TASK INPUTS:
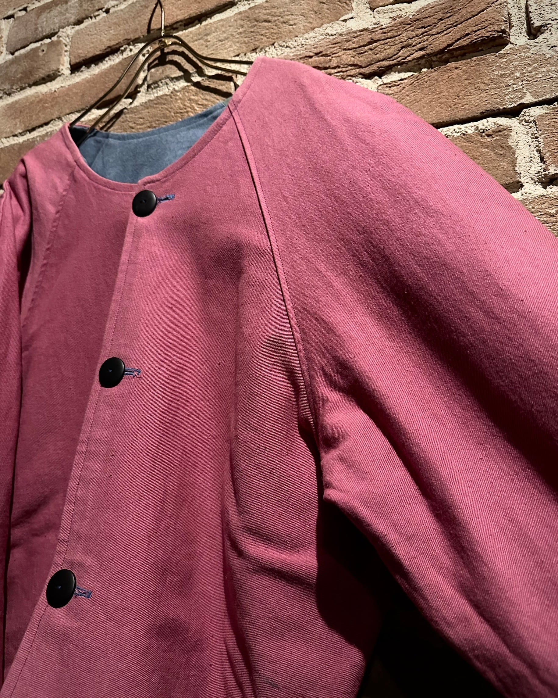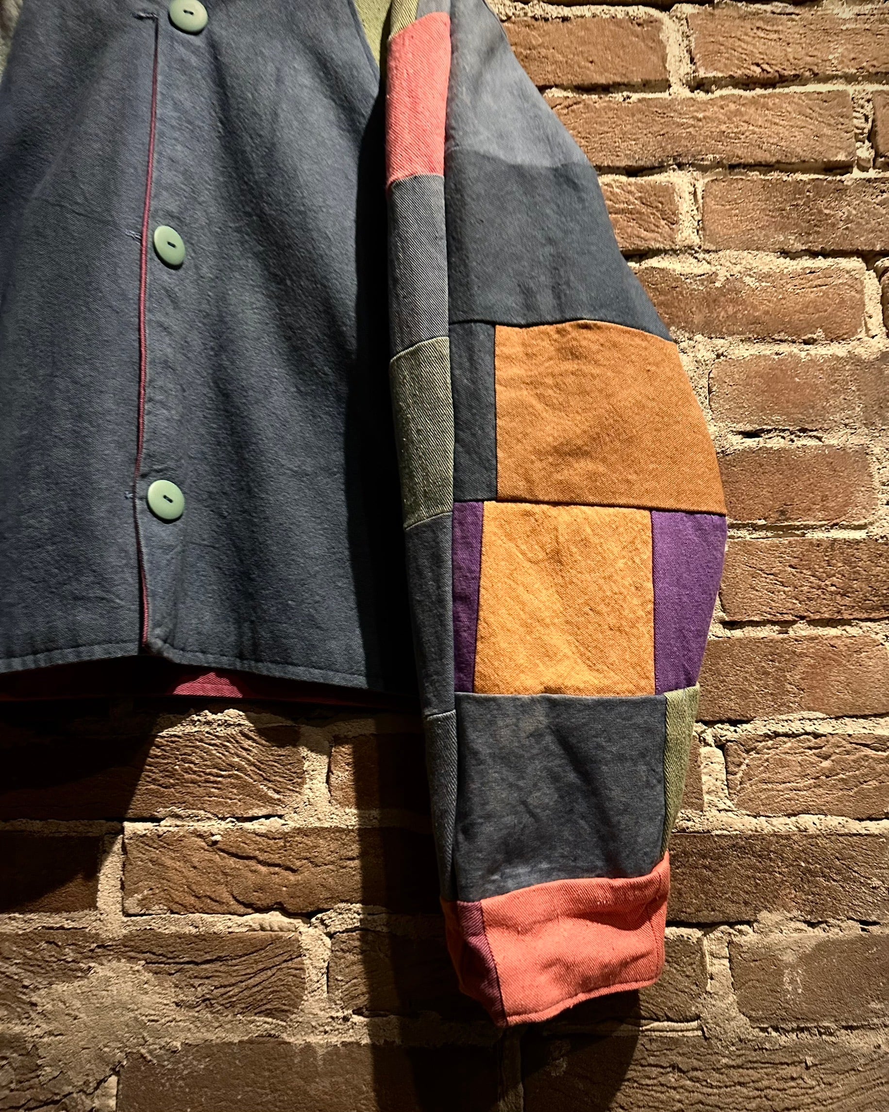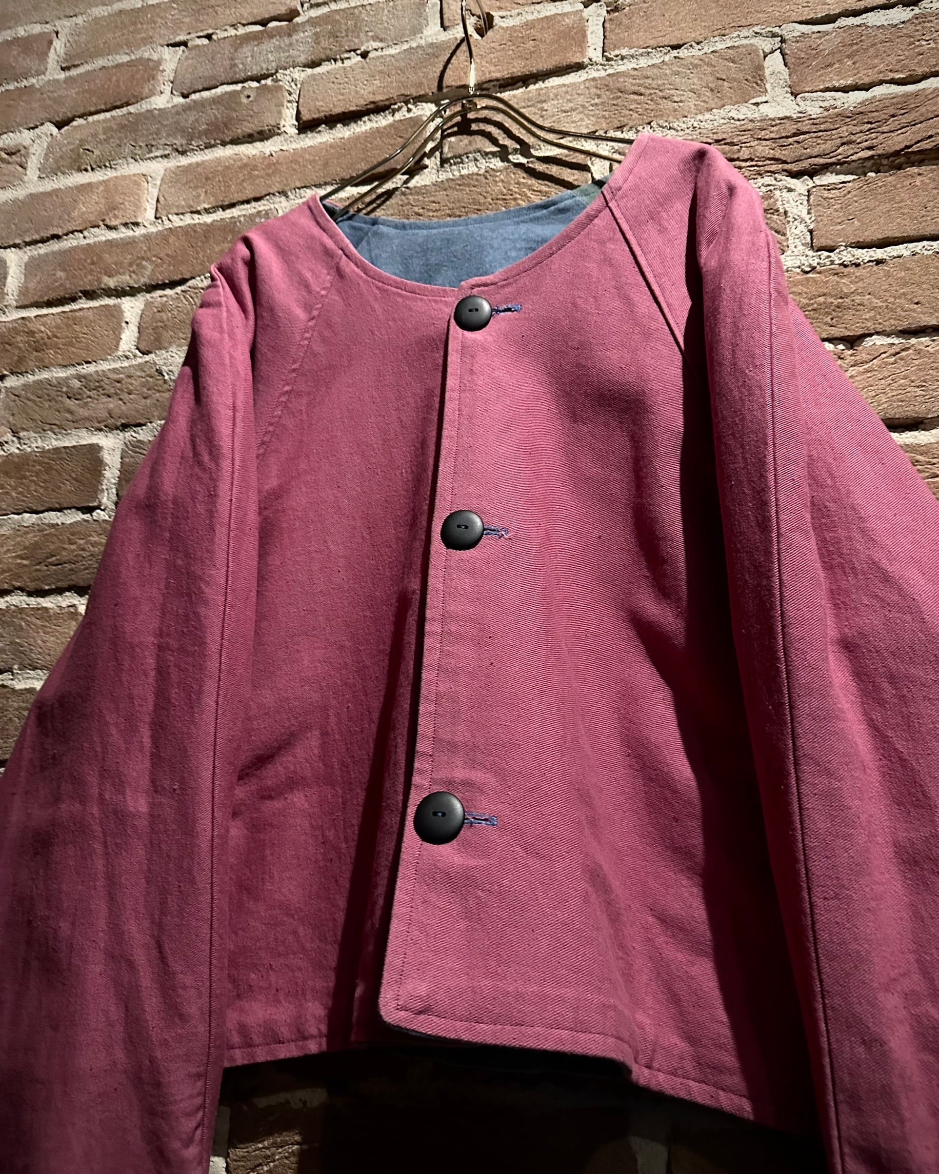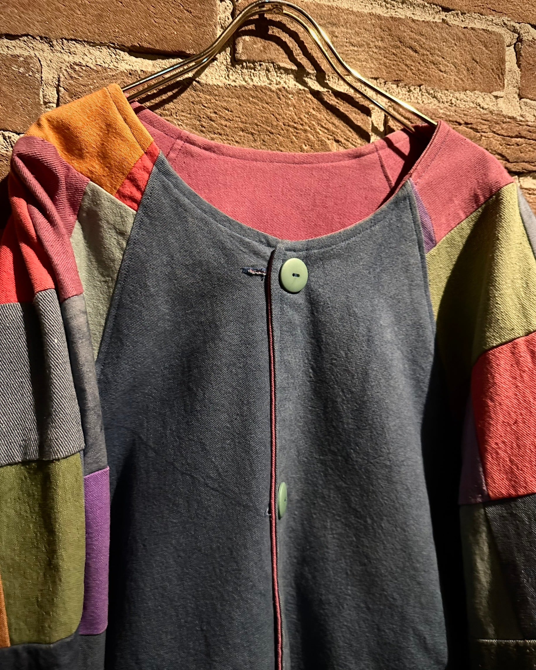 片面は多色使いのパッチワークスリーブ、もう片面は優しげなピンクで仕上げられた、リバーシブル仕様のジャケット。
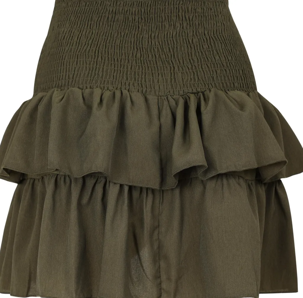 Nederdel fra Neo Noir i armygrøn. Fremstillet af genanvendt polyester med smock-talje og to lag flæser. Den høje talje og de bløde folder skaber en fin silhuet.
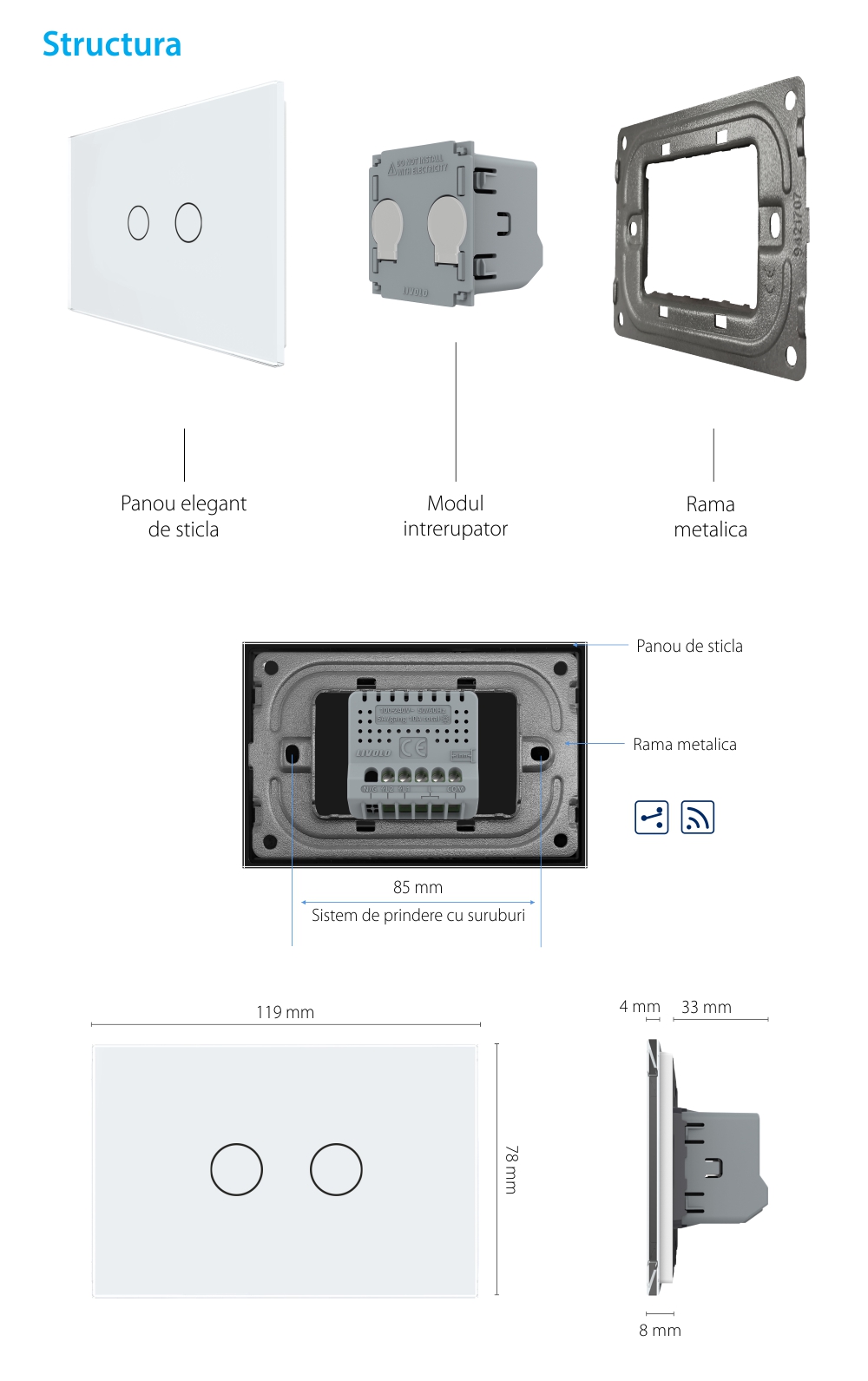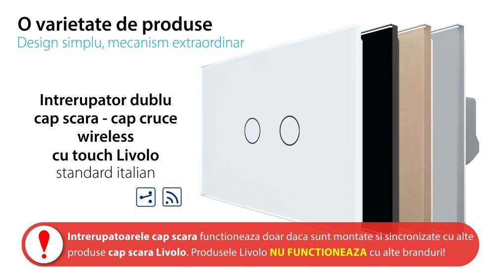 Intrerupator Dublu Cap Scara / Cruce Wireless cu Touch LIVOLO din Sticla – Standard Italian SmartElectro IntelligentHouse
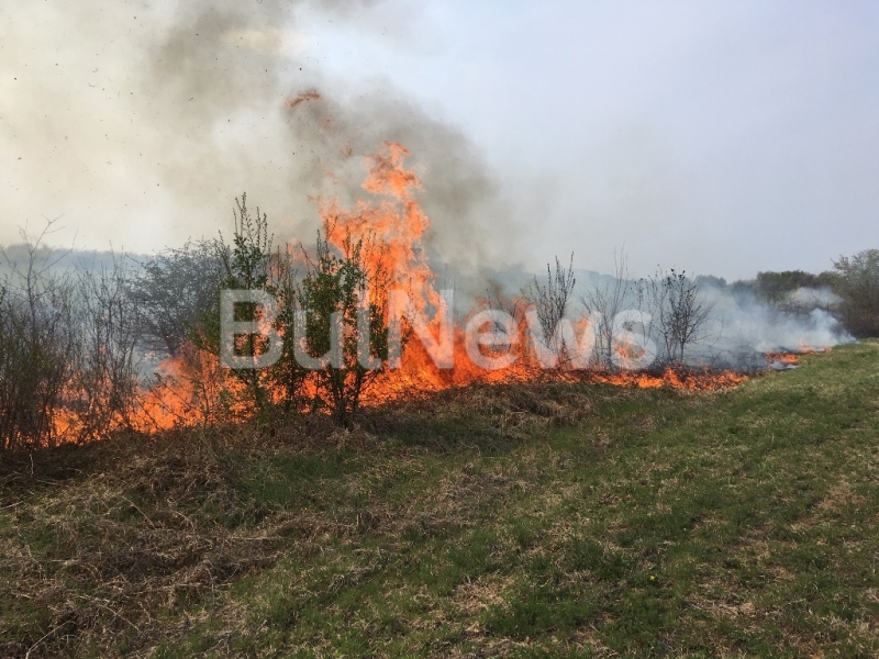 Горят сухи треви по цялото поле. Пламъците се разпростират на огромна площ и продължават да се разрастват. Очаква се всеки момент стихията да захапе и сградите на бившето селскостопанско летище. Имотът е заобиколен отвсякъде от пламъци. Обектът е заключен и няма охрана, освен зли кучета.
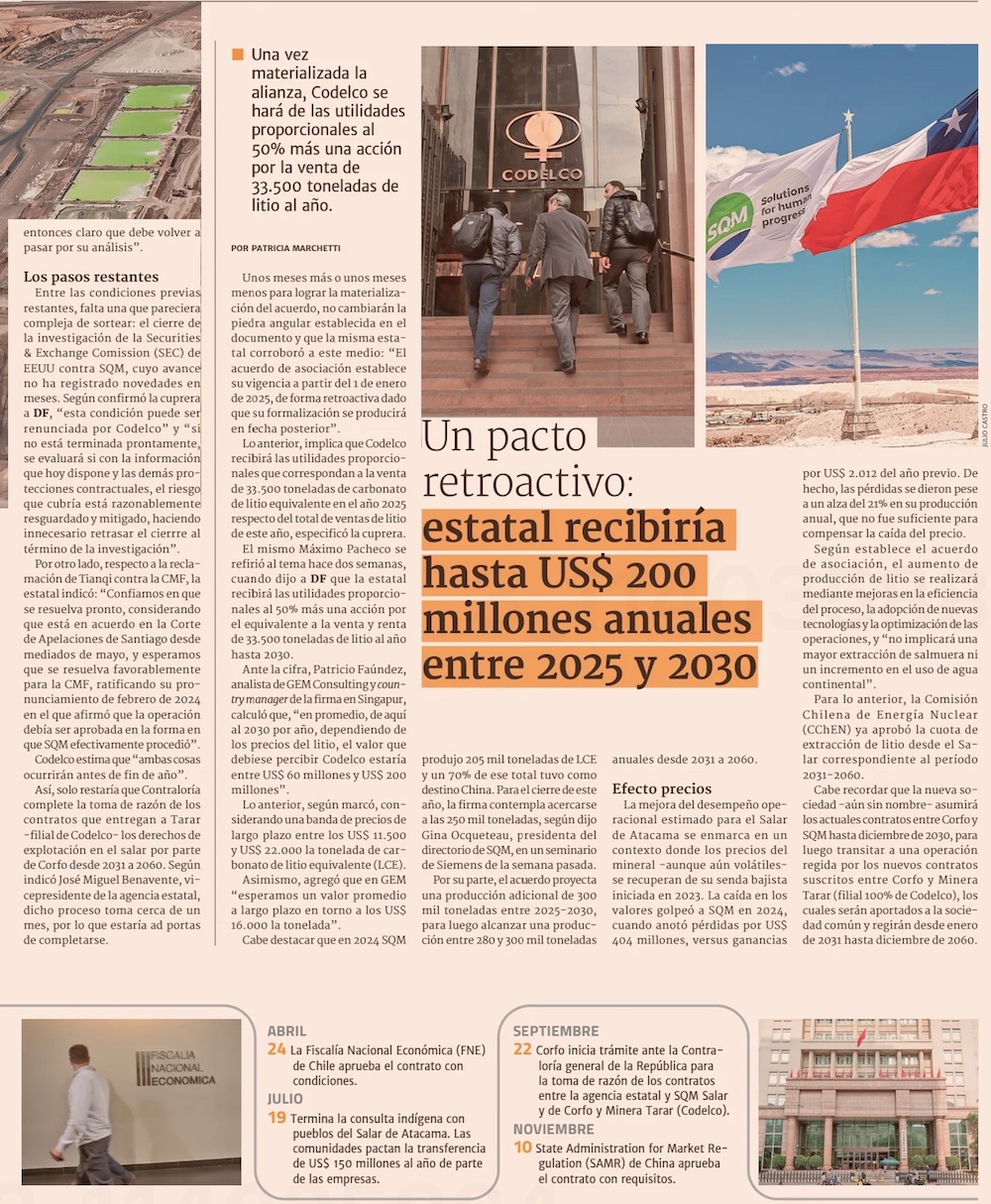 Codelco y SQM finalmente reciben la aprobación del regulador de China para su acuerdo de asociación por el litio - (La Tercera Online)
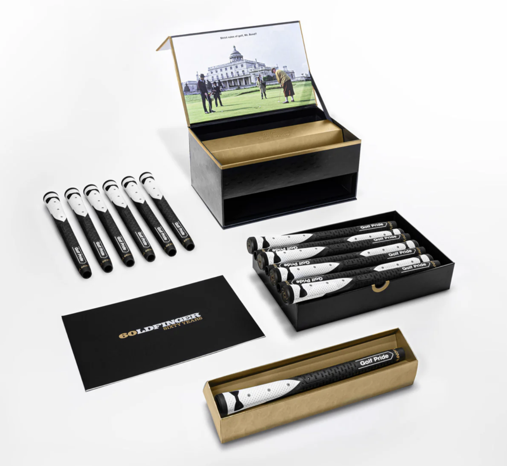 Paying homage to the 60th anniversary of the 1964 film Goldfinger, this kit includes 14 custom grips and a specially crafted gold bar collector display. Golf Pride applied its vast experience with design and material innovation to build the base performance for this product, before tackling the fun challenge of bringing to life a grip that embodies the cultural phenomenon that is James Bond.
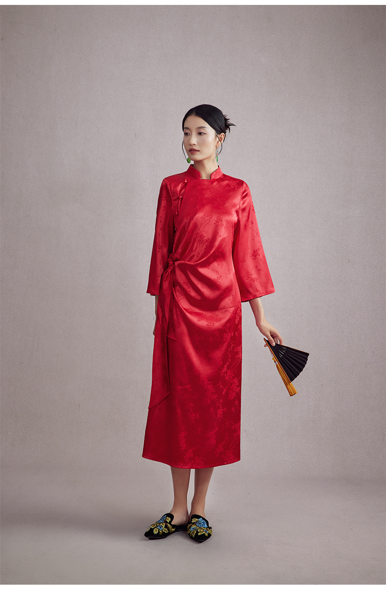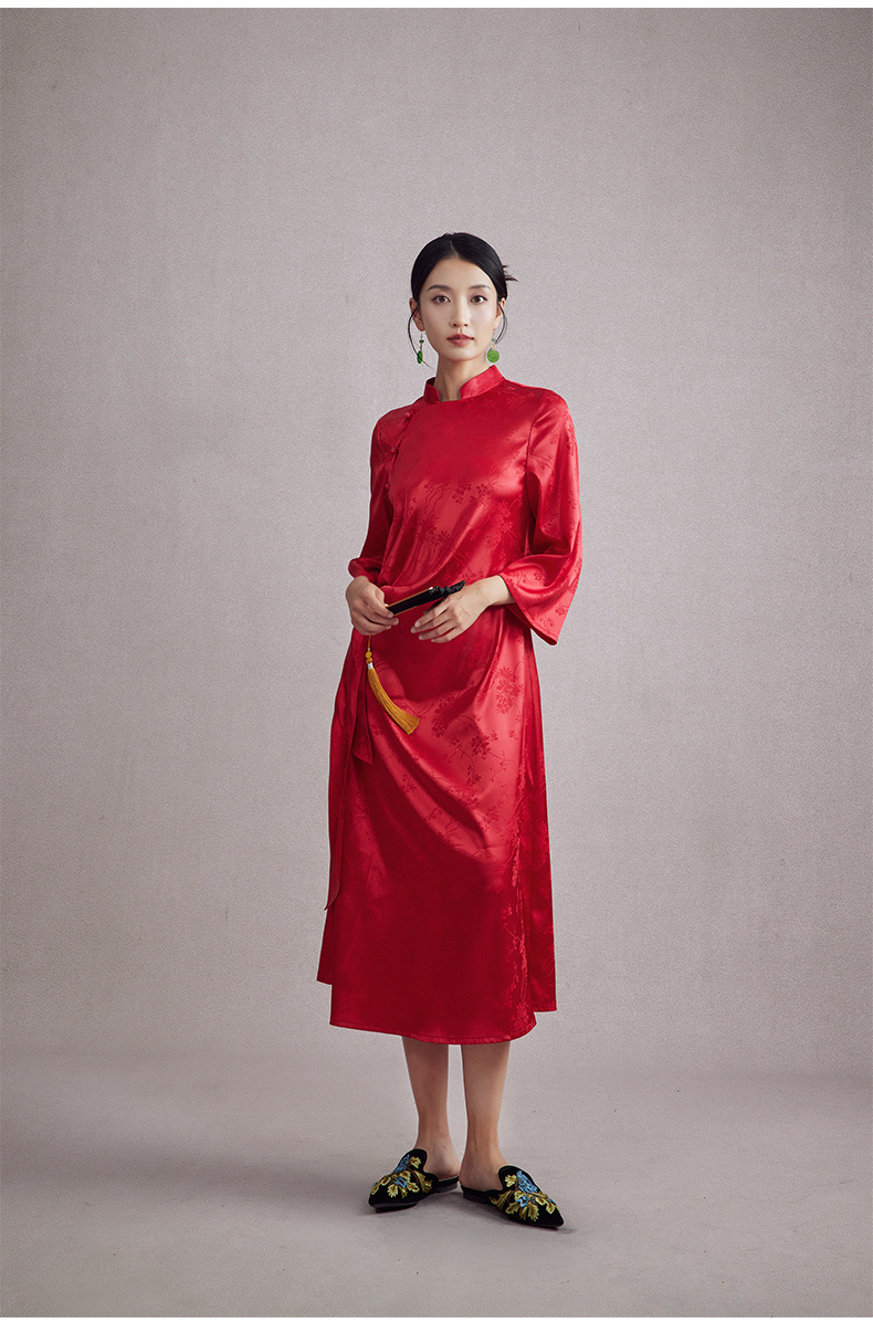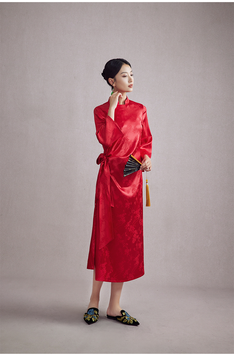 ASAYA2717 Autumn New Chinese Style Improved Han Element Stand Collar Jacquard Morning Robe Chinese Wedding Dress

YOUR OBJECTIVE:
Render the data above verbatim and without pictures.

YOUR RESPONSE:
 片面は多色使いのパッチワークスリーブ、もう片面は優しげなピンクで仕上げられた、リバーシブル仕様のジャケット。
 Nederdel fra Neo Noir i armygrøn. Fremstillet af genanvendt polyester med smock-talje og to lag flæser. Den høje talje og de bløde folder skaber en fin silhuet.
 Intrerupator Dublu Cap Scara / Cruce Wireless cu Touch LIVOLO din Sticla – Standard Italian SmartElectro IntelligentHouse
 Горят сухи треви по цялото поле. Пламъците се разпростират на огромна площ и продължават да се разрастват. Очаква се всеки момент стихията да захапе и сградите на бившето селскостопанско летище. Имотът е заобиколен отвсякъде от пламъци. Обектът е заключен и няма охрана, освен зли кучета.
 Codelco y SQM finalmente reciben la aprobación del regulador de China para su acuerdo de asociación por el litio - (La Tercera Online)
 Paying homage to the 60th anniversary of the 1964 film Goldfinger, this kit includes 14 custom grips and a specially crafted gold bar collector display. Golf Pride applied its vast experience with design and material innovation to build the base performance for this product, before tackling the fun challenge of bringing to life a grip that embodies the cultural phenomenon that is James Bond.
 ASAYA2717 Autumn New Chinese Style Improved Han Element Stand Collar Jacquard Morning Robe Chinese Wedding Dress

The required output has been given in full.